Friday, June 12, 2009

George Shultz and John Shoven: New Thinking on Health Care Reform

George Shultz and John Shoven presented their ideas for a reform of Social Security and health care in a featured program last night at The Commonwealth Club of California in San Francisco. Shultz, former U.S. Secretary of State and former Secretary of Labor, is a noted economist and chairs the Governor of California's Economic Advisory Board. He is co-author, with Shoven, of Putting Our House in Order: A Guide to Social Security and Health Care Reform. Shoven is a senior fellow at the Hoover Institute and the director of the Stanford Institute for Economic Policy Research.

Noting that the goals of health-care reform should include full coverage and would entail subsidy for people unable to get coverage on their own, Shultz then sought to explain their proposals for reforming these two gargantuan social programs and related industries.

The event, underwritten by Koret Foundation Funds, occurred just a few days after President Obama's Council of Economic Advisors chair, Christina Romer, spoke to The Club on the economic aspects of health-care reform. She argued that the costs of not reforming health care in this country would be enormous, but that the savings from doing it would improve the economy in many ways.

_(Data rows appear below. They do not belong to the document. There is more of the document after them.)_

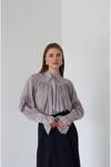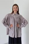 Laluvia Gri Büzgülü Tasarım Gömlek - 102116
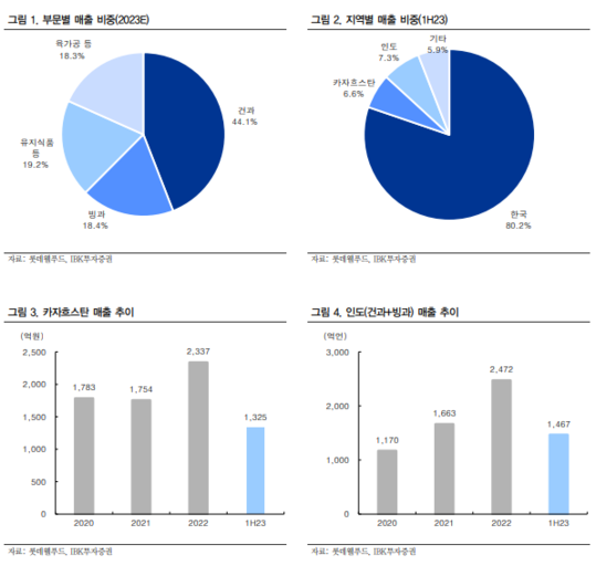 김태현 IBK투자증권 연구원은 "건과 매출은 국내 자일리톨과 빼빼로 등 메가 브랜드 판매 호조세가 지속되는 가운데, 인도와 카자흐스탄의 판가 인상 효과가 더해져 외형 및 수익성이 모두 개선될 것"이라고 전망했다.
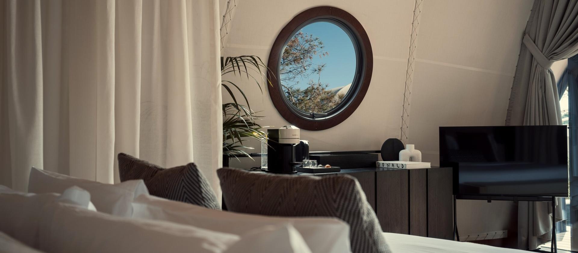 - Innowacyjne podejście do wypoczynku w formie luksusowego glampingu, które pozwala Wam spać w designerskich kabanach pod greckim niebem, zachowując przy tym wszelkie udogodnienia i serwis znany z najbardziej prestiżowych hoteli świata

To see Shultz and Shoven discuss their ideas, watch this video of their Commonwealth Club event:

4 comments:

The Mad Hedge Fund Trader said...

Economics professor at MIT and the University of Chicago, former Treasury Secretary and Secretary of State, George has certainly covered all the bases. Now 89, he is the senior statesman and eminence gris of San Francisco, as well as a major philanthropist. When I read his bio, I feel like by comparison, my own life has been spent watching Archie Bunker on TV in All in the Family. I first ran into George in the seventies as the President of Bechtel, and pursued him while in the White House Press Corp. I have since occupied the box next to his in the San Francisco opera, and joined him in several Marine Corps charities. George said that America’s health care headache started in WWII, when wages and costs were controlled, but not benefits. So companies competed for labor by offering increasingly generous, tax free benefits programs. And when something is free, you lose a lot off it, driving total costs through the roof. The end result is large misallocations of resources that you don’t see in other businesses. Private American companies have made possible tremendous medical advances for a profit, and this system should be allowed to continue. But we need to incentivize future advances with cost containment. We need a universal, subsidized plan that heads off intergenerational conflict by not allowing healthy young people escape obligations, nor be denied to older people with preexisting conditions. Allowing consumers to buy private insurance across state lines would be a start. Today your average 65 year old lives for 20 years, compared to 13 years in 1965, and two years in 1900. An equitable system would enable those who wish to continue working after 65, without burdening employers with health care costs, adding $1 trillion to GDP that will help us pay for this all. If George represents the conservative response to Obama’s proposals, then I can see enough common ground for something major to get done this year.

Anonymous said...

I have to say that this lecture given by George Schultz and John Shoven was biased, one-sided, full of inaccuracies and outright false facts. Example Tort reform Schultz was asked if this would help, which he of course said yes, too many lawsuits. He gave no evidence, just his opinion. Yet recent article in the New York Times showed that Texas, which has had major tort reform, has seen no reduction in health care costs. Try having a more balanced panel next time. This was just terrible.

Anonymous said...

I heard the Shultz speech and i was absolutely amazed at his brass for repeating the same old tired arguments that have lead to our present crisis.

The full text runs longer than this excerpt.